За надежным укрытием Петр подобрался поближе к отцу и брату.

— Абреков не меньше двух десятков, они подстерегали меня за Червленной — с трудом ворочая языком, постарался он получше обрисовать картину погони.

— А ты не мог в той станице заночевать? — пробурчал отец.

Старый воин не показывал вида, что здорово встревожился за сына, но чувствовалось, что его волнение еще не улеглось.

— Домой страсть как хотелось. Думал, вечер уже поздний, засады никто устраивать не станет, — оправдывался Петр. — Среди них был и наш кровник Муса.

— О как! — вскинул брови Панкрат. — Недаром слух о разбойнике уже с месяц по станицам гуляет.

— На ловца и зверь бежит, — нахмурился и атаман. — А ты его узнал, сынок?

— Он и есть! И на коне сидит боком, будто какая половинка от целого человека.

— Он и родился половинкой. Зверем в человеческом обличье.

Казачий полковник не успел договорить, Панкрат резко вскинул ладонь, призывая к вниманию, тут же опустил ее и взвел курок ружья. Отец с братом последовали его примеру. Казаки увидели, как из рощи вырвалась банда головорезов, одетых в черкески и бешметы и подпоясанных тонкими ремнями с кинжалами на них.
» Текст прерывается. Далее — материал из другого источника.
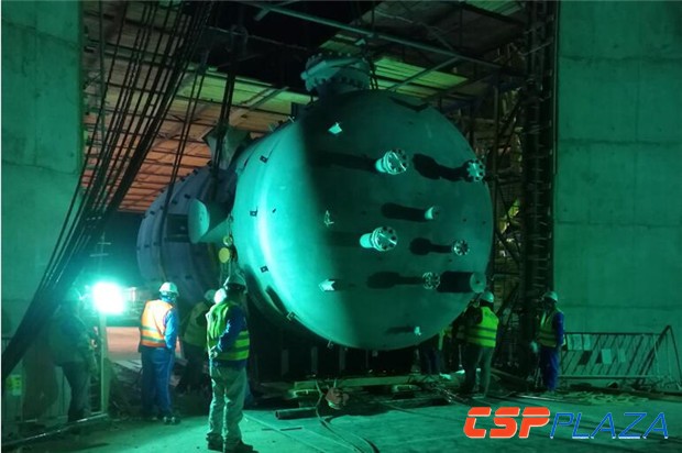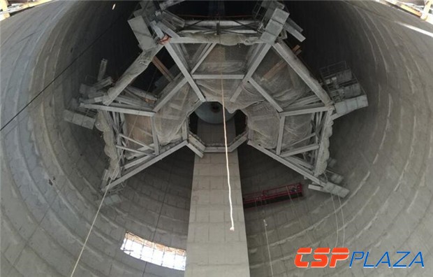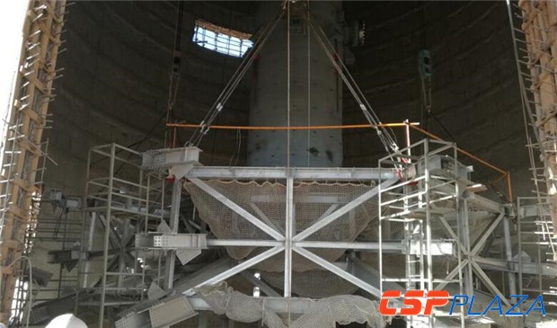 CSPPLAZA光熱發電網訊:據山東電建三公司方面消息,日前摩洛哥NoorⅢ光塔內部180m平臺及入口熔鹽罐吊裝工作順利完成。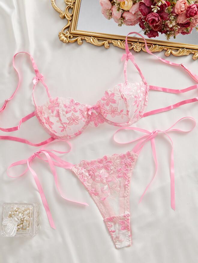 > 279 ブラジャーセットladiesレディース ◇ 魅惑Styleセクシー ◇ 刺繍 上質 pink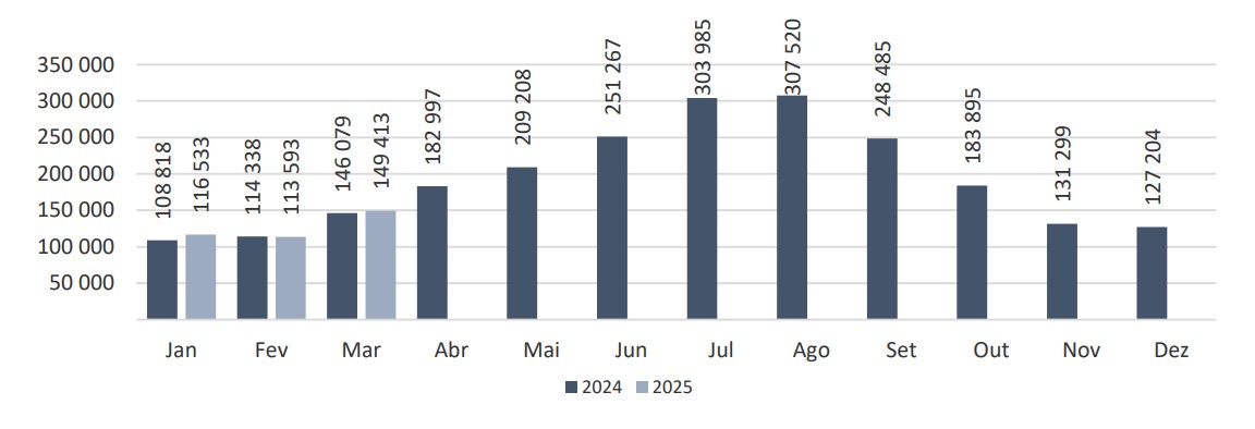 No mês de março de 2025 desembarcaram nos aeroportos dos Açores 149 413 passageiros (tvh¹: +2,3%). Os passageiros desembarcados com origem noutras regiões do território nacional atingiram os 72 986, interilhas 61 551 e internacionais 14 876.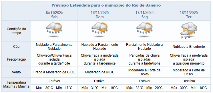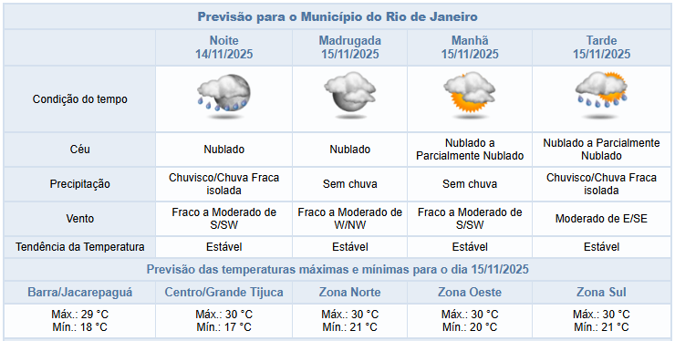 Na noite desta sexta-feira (14/11), o céu estará nublado a parcialmente nublado na cidade do Rio, e há previsão de chuvisco a chuva fraca isolada. Os ventos estarão fracos a moderados. Até o fim da tarde, o céu esteve nublado a parcialmente nublado e não houve registro de chuva. Os ventos ficaram fracos a moderados, sendo mais intensos no período da tarde e as temperaturas permaneceram estáveis em relação ao dia anterior, com mínima registrada de 17,6°C e máxima registrada de 30,5°C.
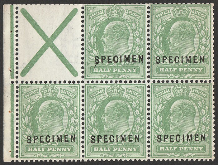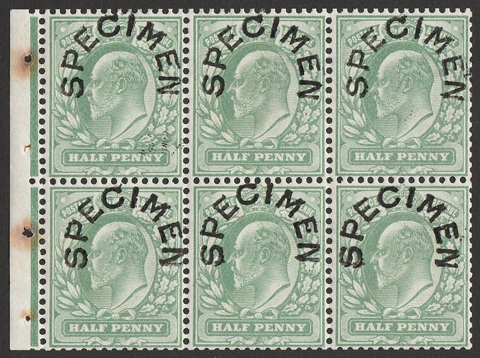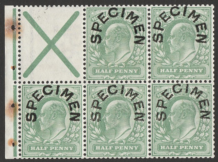 ½d green, DLR printing, left marginal bklt pane of 6, opt SPECIMEN (SG type 22), wmk Imperial Crown INVERTED. VF fresh MNH. SG 27s(var), SG Spec MB1at cat £2000, plus +40% SG specified premium MNH £2800. Extremely rare. 2021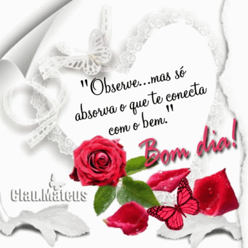 A beautiful greeting card featuring red roses and butterflies, with a message to observe and absorb only what is good. Good morning!
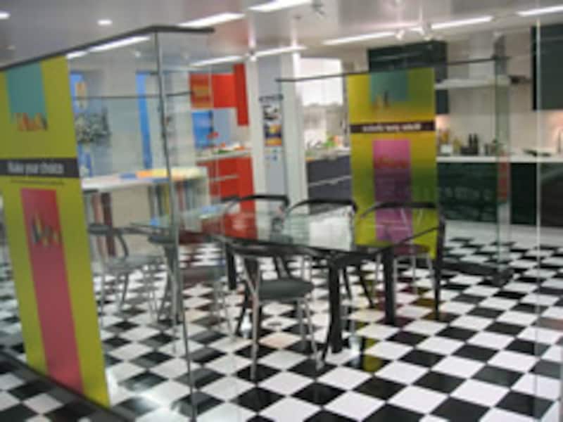 ショールームは約200平方メートルのスペースに、10セットのシステムキッチンと3セットの洗面化粧台、プレゼンテーションスペースなどがレイアウトされています。デベロッパー向け商品のため定価設定はしていないそうですが、なかなか優れたデザインと品質の商品が,かなり驚きの価格で提供できるようです。

Из-под отворотов верхней одежды виднелись красные и зеленые рубахи, заправленные в синие штаны, на ногах сжимались в гармошку покрытые пылью ноговицы. Впереди стелились над землей два чеченца с приготовленными для стрельбы ружьями. Они словно срослись со своими скакунами, всем видом показывая, что теперь беглецу от них не уйти. И если бы не встретившийся на пути казачий разъезд, взявший Петра под защиту, так оно и было бы на самом деле, потому что луг раскинулся версты на две, до самых окраинных куреней, укрыться на нем от пуль было невозможно. Вслед за первыми джигитами летели остальные разбойники, ветер разметал полы их одежды, делая абреков похожими на хищных стервятников, желающих напиться свежей крови.

Панкрат снова подал рукой сигнал. Казаки, прятавшиеся за стожками, расположились так, что видели друг друга, в то время как с дороги их невозможно было заметить. Каждый взял на прицел свою жертву, они не выказывали никакого волнения, несмотря на то, что абреков было больше числом. Скоро из чащи вырвался последний верховой, и вся банда оказалась на лугу. Горцы подскакали настолько близко, что можно было рассмотреть их узкие лица, прожаренные солнцем, с жесткими морщинами по щекам и в углах ртов. В середине старался удержать равновесие в высоком турецком седле кособокий абрек в черной черкеске, под которой была надета красная рубашка с глухим воротом. На голове у него светилась серебром каракулевая папаха, на поясе покачивался кинжал гурдинской работы в серебряных ножнах, сбоку болтался персидский клинок, рукоятка и ножны которого сверкали драгоценными камнями. За поясом у чеченца отблескивали накладными серебряными пластинами ручки двух пистолетов явно иностранной работы.

Разбойники, не увидев нигде беглеца, стали сбиваться в тугой круг, на их лицах проступила растерянность, смешанная с бешенством.

Дальше медлить с расплатой было нельзя, но Панкрат, принявший бразды правления на себя, чего-то ждал. чего-то ждал.

— Это Муса, — тихо сказал он, и глаза сотника засветились от злой радости. — Слава Богу, довелось свидеться еще разок, — перевел дыхание атаман, он, взял кровника на прицел негромко добавил: — Не упустить бы бешеного бирюка. Надо с ним расквитаться раз и навсегда. Уже два раза изловчался удрать.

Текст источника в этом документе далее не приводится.